Regensburg
Auftakt im Goldregen: Glänzender Einstand im Theater

19.09.2022 | Stand 15.09.2023, 3:36 Uhr
Das Opernensemble des Theaters Regensburg, von Goldflitter umschwirrt , beim Finale der Gala zur Eröffnung der Spielzeit −Foto: Tom Neumeier

Am Ende rieselte Goldglitter von der Decke, das Publikum klatschte und trampelte vor Begeisterung – und das Ensemble strahlte. Dem Theater Regensburg gelang ein gut gelaunter Einstand zum Auftakt der neuen Spielzeit.

36 Premieren, 27 Konzerte und etliche Sonderformate sind zu erleben. Das Haus, das unter neuer Leitung und mit zahlreichen neuen Künstlern an den Start geht, bot das gesamte Ensemble für seine temperamentvolle und kurzweilige Revue auf. Beim Finale der versammelten Sänger, Schauspieler, Tänzer und Musiker blieb auf der Bühne vor lauter Menschen kein Quadratmeter frei. „Putting it together“, also: setz’ es zusammen, der Titel von Stephen Sondheims Musical, das im Oktober Premiere hat, gab das Motto vor. Nach einem Start mit Misstönen und schriller Kritik an Neubesetzungen im Ensemble und Neuerungen in der Abo-Struktur, demonstrierte der Abend vor allem das Miteinander, wie aus den Worten von Intendant Sebastian Ritschel deutlich wurde.

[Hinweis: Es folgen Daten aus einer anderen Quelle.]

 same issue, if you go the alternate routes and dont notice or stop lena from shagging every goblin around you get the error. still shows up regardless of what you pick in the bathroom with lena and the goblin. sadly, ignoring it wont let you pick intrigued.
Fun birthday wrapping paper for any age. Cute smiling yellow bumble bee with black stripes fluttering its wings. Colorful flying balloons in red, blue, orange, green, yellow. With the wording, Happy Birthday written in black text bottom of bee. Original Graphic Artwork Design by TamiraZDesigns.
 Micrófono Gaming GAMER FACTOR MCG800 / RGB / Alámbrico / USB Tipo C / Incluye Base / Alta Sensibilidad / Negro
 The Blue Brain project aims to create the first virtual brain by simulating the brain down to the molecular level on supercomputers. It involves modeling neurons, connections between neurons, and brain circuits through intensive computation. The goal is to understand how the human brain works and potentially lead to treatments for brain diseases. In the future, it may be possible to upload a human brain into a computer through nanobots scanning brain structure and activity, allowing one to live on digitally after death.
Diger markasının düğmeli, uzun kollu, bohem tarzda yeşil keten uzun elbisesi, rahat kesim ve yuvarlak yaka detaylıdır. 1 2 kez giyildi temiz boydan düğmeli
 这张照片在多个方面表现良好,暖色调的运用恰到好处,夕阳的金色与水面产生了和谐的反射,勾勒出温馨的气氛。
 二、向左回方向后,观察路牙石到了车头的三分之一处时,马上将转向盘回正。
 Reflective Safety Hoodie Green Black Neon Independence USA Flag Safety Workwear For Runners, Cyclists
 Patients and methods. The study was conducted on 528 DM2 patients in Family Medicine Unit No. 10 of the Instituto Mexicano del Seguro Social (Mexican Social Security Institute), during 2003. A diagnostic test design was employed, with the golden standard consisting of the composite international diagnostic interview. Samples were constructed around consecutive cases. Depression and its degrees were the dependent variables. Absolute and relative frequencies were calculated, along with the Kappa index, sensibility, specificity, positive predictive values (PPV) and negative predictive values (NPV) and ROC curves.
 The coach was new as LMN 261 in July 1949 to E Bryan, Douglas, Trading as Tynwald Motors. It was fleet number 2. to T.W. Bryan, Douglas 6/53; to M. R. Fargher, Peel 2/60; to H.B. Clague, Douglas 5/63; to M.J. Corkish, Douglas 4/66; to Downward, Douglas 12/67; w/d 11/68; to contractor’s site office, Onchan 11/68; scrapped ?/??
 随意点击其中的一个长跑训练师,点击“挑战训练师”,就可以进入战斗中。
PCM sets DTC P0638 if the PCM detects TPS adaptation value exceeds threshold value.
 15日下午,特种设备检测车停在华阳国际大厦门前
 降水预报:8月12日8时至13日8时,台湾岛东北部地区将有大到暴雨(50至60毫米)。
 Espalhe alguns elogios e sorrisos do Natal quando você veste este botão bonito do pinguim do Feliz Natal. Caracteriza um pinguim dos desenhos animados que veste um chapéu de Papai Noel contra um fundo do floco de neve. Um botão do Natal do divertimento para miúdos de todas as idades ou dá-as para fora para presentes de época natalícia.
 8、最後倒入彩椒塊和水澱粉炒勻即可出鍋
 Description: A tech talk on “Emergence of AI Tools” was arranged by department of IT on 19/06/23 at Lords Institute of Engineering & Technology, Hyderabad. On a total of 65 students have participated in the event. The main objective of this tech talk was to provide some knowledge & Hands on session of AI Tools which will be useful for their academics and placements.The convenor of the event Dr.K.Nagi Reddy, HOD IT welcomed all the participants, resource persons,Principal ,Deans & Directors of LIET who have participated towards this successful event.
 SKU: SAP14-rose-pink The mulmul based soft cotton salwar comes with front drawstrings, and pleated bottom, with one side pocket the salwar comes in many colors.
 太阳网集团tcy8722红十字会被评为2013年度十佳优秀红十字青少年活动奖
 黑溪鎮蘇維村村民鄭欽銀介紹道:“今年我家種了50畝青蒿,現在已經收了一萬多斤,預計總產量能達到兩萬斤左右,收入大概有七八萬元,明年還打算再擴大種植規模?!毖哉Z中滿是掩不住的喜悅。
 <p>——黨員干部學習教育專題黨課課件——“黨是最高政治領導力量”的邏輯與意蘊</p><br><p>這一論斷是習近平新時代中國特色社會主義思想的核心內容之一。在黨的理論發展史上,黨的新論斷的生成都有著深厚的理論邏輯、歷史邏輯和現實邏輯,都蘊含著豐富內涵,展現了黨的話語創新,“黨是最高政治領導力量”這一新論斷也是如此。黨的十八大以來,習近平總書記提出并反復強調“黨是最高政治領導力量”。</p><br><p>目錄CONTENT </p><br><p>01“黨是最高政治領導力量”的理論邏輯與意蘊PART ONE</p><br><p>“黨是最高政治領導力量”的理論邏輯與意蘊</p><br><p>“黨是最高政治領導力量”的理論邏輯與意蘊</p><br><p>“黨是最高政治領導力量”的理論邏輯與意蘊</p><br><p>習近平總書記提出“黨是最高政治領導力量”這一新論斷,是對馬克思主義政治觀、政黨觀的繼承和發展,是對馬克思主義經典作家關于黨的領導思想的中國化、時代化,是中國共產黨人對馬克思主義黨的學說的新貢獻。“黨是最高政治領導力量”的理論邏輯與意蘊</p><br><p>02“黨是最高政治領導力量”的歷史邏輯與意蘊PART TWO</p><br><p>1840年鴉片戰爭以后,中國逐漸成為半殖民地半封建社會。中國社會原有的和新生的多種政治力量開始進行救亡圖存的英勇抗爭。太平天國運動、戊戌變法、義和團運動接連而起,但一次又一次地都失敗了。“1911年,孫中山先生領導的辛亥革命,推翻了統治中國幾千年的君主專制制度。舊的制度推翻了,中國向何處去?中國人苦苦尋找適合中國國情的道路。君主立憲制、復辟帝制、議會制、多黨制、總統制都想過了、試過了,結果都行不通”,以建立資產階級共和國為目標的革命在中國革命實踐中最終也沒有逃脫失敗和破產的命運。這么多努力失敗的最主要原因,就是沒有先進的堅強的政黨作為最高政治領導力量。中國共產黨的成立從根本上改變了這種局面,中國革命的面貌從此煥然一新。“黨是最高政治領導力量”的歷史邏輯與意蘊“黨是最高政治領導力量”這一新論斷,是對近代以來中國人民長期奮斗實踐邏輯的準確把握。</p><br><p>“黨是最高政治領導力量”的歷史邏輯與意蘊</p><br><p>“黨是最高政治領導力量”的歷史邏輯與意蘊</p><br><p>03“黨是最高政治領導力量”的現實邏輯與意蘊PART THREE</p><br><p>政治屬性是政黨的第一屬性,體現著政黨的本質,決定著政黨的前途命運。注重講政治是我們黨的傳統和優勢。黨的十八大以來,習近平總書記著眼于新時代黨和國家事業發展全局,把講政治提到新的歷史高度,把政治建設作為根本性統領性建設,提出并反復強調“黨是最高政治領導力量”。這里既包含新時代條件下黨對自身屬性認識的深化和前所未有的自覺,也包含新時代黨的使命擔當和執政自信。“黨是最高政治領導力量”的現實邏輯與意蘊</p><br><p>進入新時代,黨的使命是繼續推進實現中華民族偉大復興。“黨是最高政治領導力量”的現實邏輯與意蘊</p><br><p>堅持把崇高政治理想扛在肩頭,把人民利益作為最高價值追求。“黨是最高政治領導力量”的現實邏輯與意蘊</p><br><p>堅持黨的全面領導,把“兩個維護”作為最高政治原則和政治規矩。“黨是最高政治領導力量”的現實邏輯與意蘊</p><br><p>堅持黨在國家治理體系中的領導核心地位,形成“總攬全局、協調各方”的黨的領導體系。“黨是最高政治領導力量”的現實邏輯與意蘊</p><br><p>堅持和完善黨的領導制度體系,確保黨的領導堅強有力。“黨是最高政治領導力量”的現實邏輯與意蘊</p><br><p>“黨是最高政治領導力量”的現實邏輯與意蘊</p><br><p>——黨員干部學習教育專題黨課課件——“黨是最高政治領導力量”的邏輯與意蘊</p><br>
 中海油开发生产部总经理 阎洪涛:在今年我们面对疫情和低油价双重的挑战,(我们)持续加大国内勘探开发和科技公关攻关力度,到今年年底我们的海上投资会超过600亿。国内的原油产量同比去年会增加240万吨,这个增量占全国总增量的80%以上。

Jeder mit jedem, alle überall: Viele Produktionen sind spartenübergreifend und das Junge Theater erlebt erstmals alle Genres, Oper inklusive, und sieht die Aufführungen an unterschiedlichen Spielstätten, wie die neue Leiterin Oda Zuschneid erklärte. Demonstrativ betont wurde auch der diverse und integrative Ansatz, dem man sich als Kulturbetrieb verpflichtet sehe, wie Chefdramaturg Ronny Scholz sagte: „Die Zeit der alten weißen Männer ist vorbei.“

Kostproben aus dem Programm und Szenen zum Kennenlernen machten am Samstag im Theater am Bismarckplatz unbedingt Lust auf Mehr. Im Schauspiel, neue Leiterin: Antje Thoms, beeindruckte Lilly-Marie Vogler, der das Kunststück gelang, in einem kurzen Monolog aus „Maria Stuart“ den ganzen Abgrund zwischen Wahn und Erkenntnis auszuschreiten. Guido Wachter wälzte sich in einer Szene aus „Zukunftsmusik“ so überzeugend in absurdem Weltschmerz, dass das Publikum gar nicht anders konnte, als zu lachen. Und das Quartett aus dem Jugend-Stück „Pinguine können keinen Käsekuchen backen“ brachte den Zwiespalt zwischen Gier und Gewissen köstlich auf den Punkt.

Glänzend aufgelegte Philharmoniker schürten die Freude auf zeitgenössische Entdeckungen im neuen Konzertprogramm. Orchester, Opern- und Cantemuschor wurden geschmeidig und präzise geleitet von Alistair Lilley und Tom Woods, den „zwei überlebenden Dirigenten am Haus“, wie Woods, kommissarisch GMD, typisch ironisch bekannte.

Die klassische Oper nahm, von einer Arie aus „Macbeth“ abgesehen, bei der Gala wenig Raum ein, dafür zeigte sich das Faible des Spielplans für Musical und Sonderformen wie die Tango Operita „Maria de Buenos Aires“. Auf Astor Piazzollas Werk machte eine wunderbare Fabiana Locke aus dem neuen Kreis der Musical-Spezialisten Appetit. Eine Granate: Svitlana Slyvia, neu als Mezzosopranistin am Haus, die in einer Sequenz aus Bernsteins „Candide“ ihr Feuer funkeln ließ und ihre Pumps von den Füßen schleuderte.

Das Glanzlicht der Gala lieferte der Tanz. Bei „Massa Mobil“ hielt es einige Zuschauer kaum auf dem Sitz. Die packende, hochästhetische Choreographie vom neuen Spartenchef Wagner Moreira erobert zum Saisonauftakt Regensburger Plätze und Parks. Bei der Gala wurde sie mit Trampeln und Bravi gefeiert.

Hochzufrieden zeigte sich nicht zuletzt Matthias Schloderer, der kaufmännische Direktor des Theaters: mit einer ausverkauften Gala und Abo-Zahlen, die bereits 97 Prozent vom Vorjahresstand erreicht haben.